The weather can be treacherous – sudden blizzards killed 243 people in 1996 – but it’s not the conditions that worry Indian security forces.

A pilgrim bus was sprayed with bullets by suspected rebels in 2017, killing 11 people TAUSEEF MUSTAFA AFP

Rebel groups opposed to Indian rule in Kashmir have often said the pilgrimage is not among their targets.

But they have warned in the past that they will act if religious practice is used to establish Hindu rule in Muslim-majority Kashmir.

In 2017, suspected rebels fired bullets at a pilgrim bus, killing 11 people.

This year, tens of thousands of security personnel have been deployed, three to four times the number of the last pilgrimage in 2019, in which 600,000 worshipers participated.

A police officer told AFP on condition of anonymity that more than 400 sandbag bunkers manned by armed soldiers dot the villages and forests around the shrine and the road to Chandanwari base camp.

During the 43-day pilgrimage, worshipers – many of whom shout Hindu religious and nationalist slogans – will be ferried through Kashmir in armed convoys.

Arriving in the nearby main town of Pahalgam, they are greeted by a billboard with Modi’s smiling face.

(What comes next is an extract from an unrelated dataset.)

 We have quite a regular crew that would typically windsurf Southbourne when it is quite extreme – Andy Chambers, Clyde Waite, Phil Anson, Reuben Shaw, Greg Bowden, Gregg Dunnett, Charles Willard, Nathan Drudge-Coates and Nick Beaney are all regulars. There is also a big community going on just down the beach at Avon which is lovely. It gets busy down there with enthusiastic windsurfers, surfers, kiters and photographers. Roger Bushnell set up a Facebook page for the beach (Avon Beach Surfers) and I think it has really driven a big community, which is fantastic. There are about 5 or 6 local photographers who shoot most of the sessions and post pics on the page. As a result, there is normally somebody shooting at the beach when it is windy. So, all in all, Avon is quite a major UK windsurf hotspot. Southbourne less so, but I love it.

Base Camp is a mini township of prefabricated huts and flimsy tents housing security personnel, communications towers, and a bustling temporary bazaar filled with screaming mules.

Exponential

Before an armed insurgency against Indian rule in Kashmir broke out in 1989, the pilgrimage was a relatively low-key affair lasting 15 days and undertaken by a few thousand pilgrims.

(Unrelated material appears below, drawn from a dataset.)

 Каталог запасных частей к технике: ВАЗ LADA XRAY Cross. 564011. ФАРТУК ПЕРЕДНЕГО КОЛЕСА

Tens of thousands of security personnel have been deployed for this year's pilgrimage
Tens of thousands of security personnel have been deployed for this year’s pilgrimage TAUSEEF MUSTAFA AFP

Now it is highly militarized and has grown exponentially and almost all government departments are involved in the huge logistics operation.

“Over the past 25 to 30 years, the annual trek to the Amarnath shrine has evolved from an inner journey of pilgrims to a political cry of majority defiance,” said Siddiq Wahid, a historian and political commentator.

“In this context, neither the Kashmiri hosts nor the pilgrims can be blamed for being afraid of violence, through no fault of either,” he told AFP. AFP.